What this task involves ▸ For the copy, please give all of the data again exactly and leave the pictures out.

Input data ▸
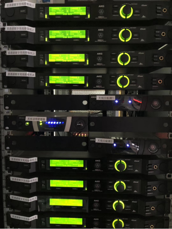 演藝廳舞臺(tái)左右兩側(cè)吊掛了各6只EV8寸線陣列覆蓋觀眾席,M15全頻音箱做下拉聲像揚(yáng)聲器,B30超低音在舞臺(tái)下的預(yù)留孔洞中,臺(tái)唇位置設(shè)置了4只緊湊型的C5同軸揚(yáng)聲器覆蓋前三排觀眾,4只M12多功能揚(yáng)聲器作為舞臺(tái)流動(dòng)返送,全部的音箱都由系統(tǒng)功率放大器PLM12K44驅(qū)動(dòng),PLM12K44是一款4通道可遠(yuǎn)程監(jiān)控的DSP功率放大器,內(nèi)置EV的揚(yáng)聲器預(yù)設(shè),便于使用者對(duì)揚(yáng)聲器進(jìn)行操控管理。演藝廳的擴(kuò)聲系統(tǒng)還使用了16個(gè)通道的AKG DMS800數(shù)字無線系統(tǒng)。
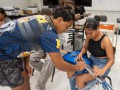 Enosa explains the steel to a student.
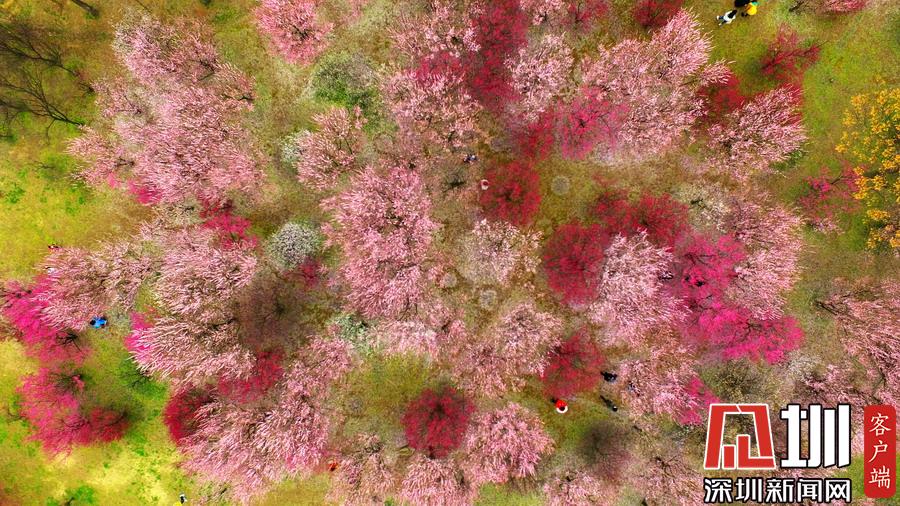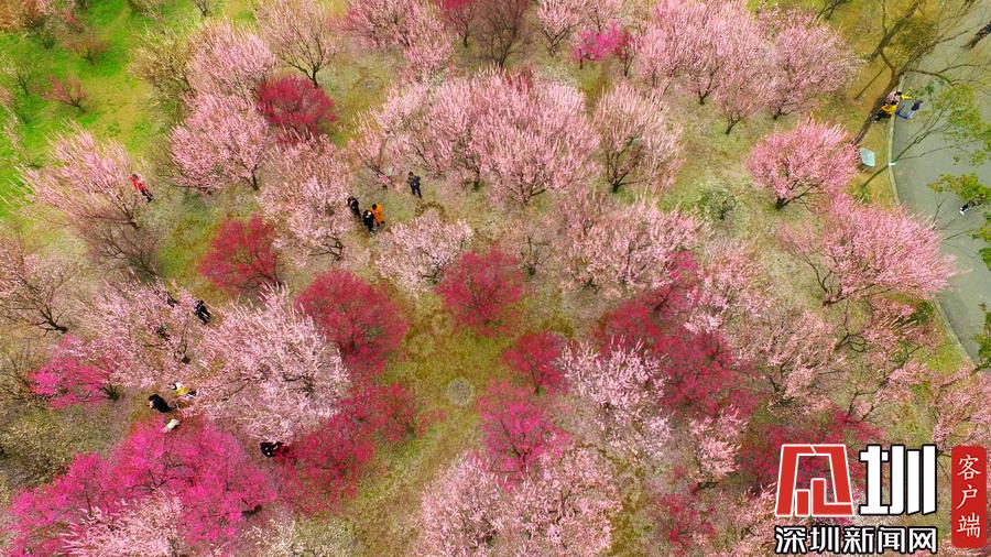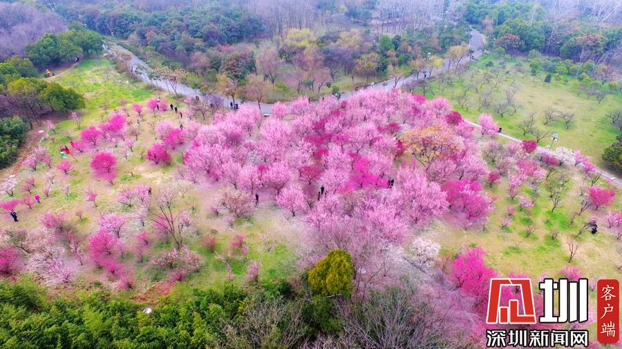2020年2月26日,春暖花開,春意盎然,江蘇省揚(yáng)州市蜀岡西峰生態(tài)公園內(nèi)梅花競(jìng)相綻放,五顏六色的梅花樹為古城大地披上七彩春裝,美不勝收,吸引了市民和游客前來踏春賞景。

Problem solution ▸
 演藝廳舞臺(tái)左右兩側(cè)吊掛了各6只EV8寸線陣列覆蓋觀眾席,M15全頻音箱做下拉聲像揚(yáng)聲器,B30超低音在舞臺(tái)下的預(yù)留孔洞中,臺(tái)唇位置設(shè)置了4只緊湊型的C5同軸揚(yáng)聲器覆蓋前三排觀眾,4只M12多功能揚(yáng)聲器作為舞臺(tái)流動(dòng)返送,全部的音箱都由系統(tǒng)功率放大器PLM12K44驅(qū)動(dòng),PLM12K44是一款4通道可遠(yuǎn)程監(jiān)控的DSP功率放大器,內(nèi)置EV的揚(yáng)聲器預(yù)設(shè),便于使用者對(duì)揚(yáng)聲器進(jìn)行操控管理。演藝廳的擴(kuò)聲系統(tǒng)還使用了16個(gè)通道的AKG DMS800數(shù)字無線系統(tǒng)。
 Enosa explains the steel to a student.
2020年2月26日,春暖花開,春意盎然,江蘇省揚(yáng)州市蜀岡西峰生態(tài)公園內(nèi)梅花競(jìng)相綻放,五顏六色的梅花樹為古城大地披上七彩春裝,美不勝收,吸引了市民和游客前來踏春賞景。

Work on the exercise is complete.